O uso de moedas digitais no Brasil ainda não foi completamente regulamentado¹ e o Judiciário já está atento à possibilidade de penhorar criptomoedas no país. Recentemente, o Conselho Nacional de Justiça (CNJ) anunciou que está desenvolvendo o Criptojud, um sistema de bloqueio de criptoativos para a quitação de sentenças de execução de bens²

O desenvolvimento do novo sistema está vinculado a um acordo de cooperação técnica celebrado entre o CNJ e a Associação Brasileira de Criptoeconomia (Abcripto), que reúne corretoras de cripoativos do Brasil. Segundo o relatado pelo CNJ, para bloquear ou penhorar criptomoedas pelo CriptoJud será necessário a expedição de uma ordem judicial, seguindo todos os passos jurídicos usados para a mesma função no sistema financeiro com o Sistema de Busca de Ativos do Poder Judiciário (Sisbajud). 

Na prática, o CriptoJud deverá ampliar a capacidade do Sisbajud para o universo dos criptoativos, integrando o Judiciário às corretoras (exchanges) regulamentadas no país³. Embora a notícia seja positiva por trazer mais transparência ao setor, ela também eleva a preocupação do empresariado pela ampliação do poder e uso indiscriminado de ferramentas de penhora, o que causa insegurança jurídica e instabilidade.

 

Trabalhando em segurança

Apesar de ainda não haver uma previsão de lançamento do Criptojud e sua efetiva aplicação, o fato é que o Judiciário caminha mais um passo no aperfeiçoamento de suas ferramentas de bloqueio de bens e valores. 

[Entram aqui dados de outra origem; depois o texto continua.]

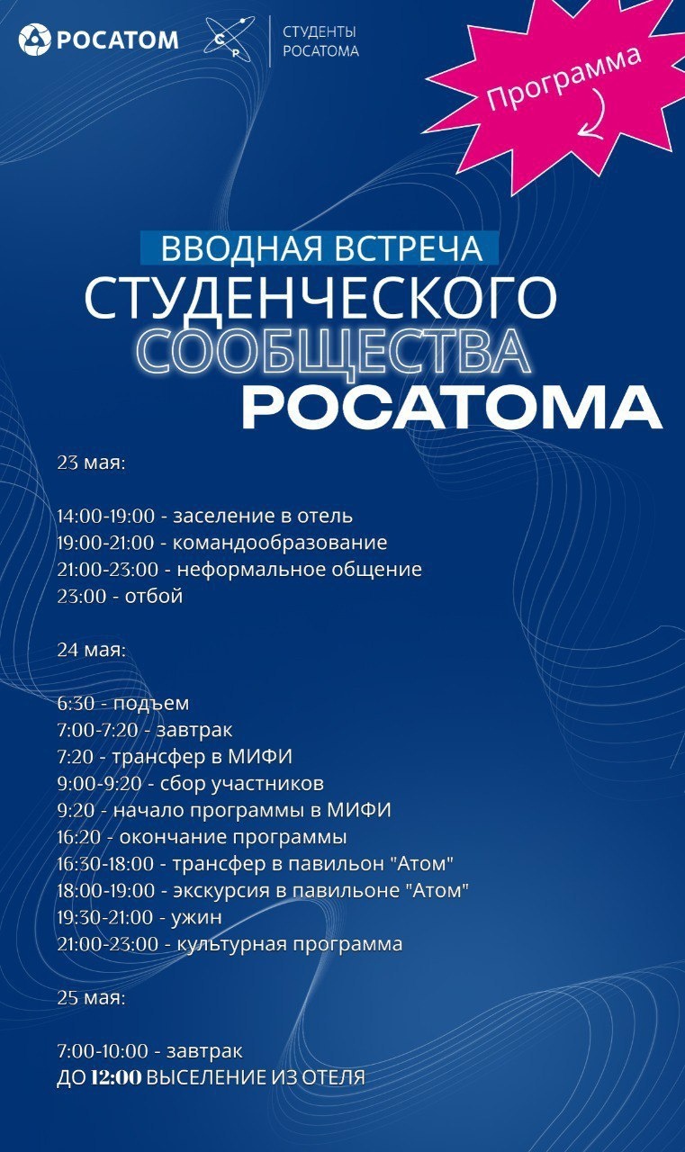 Встреча пройдет в НИЯУ МИФИ и павильоне «АТОМ» на ВДНХ.

A quantidade de ações de cobrança que circula em todas as esferas do Judiciário está na casa das dezenas de milhões. Somente as execuções fiscais, por exemplo, ultrapassaram 25 milhões de processos2. No meio desse volume de ações e da implementação de mecanismos cada vez mais eficientes de penhora, as empresas precisam estar preparadas para eventuais processos e ações de execução e uma aliada importante nesse sentido é o GESTÃO DE BLOQUEIOS

 

Com sua tecnologia exclusiva de rastreamento, o GESTÃO DE BLOQUEIOS promove a análise de processos que ingressam em todas as esferas do Judiciário em tempo real, emitindo alertas sobre novas ações envolvendo sua empresa, com foco em causas que possam resultar em bloqueio de bens. Assim, o empresário, gestores e departamento jurídico podem planejar com maior assertividade os próximos passos da empresa, evitando ou minimizando o impacto de possíveis penhoras nas finanças do negócio.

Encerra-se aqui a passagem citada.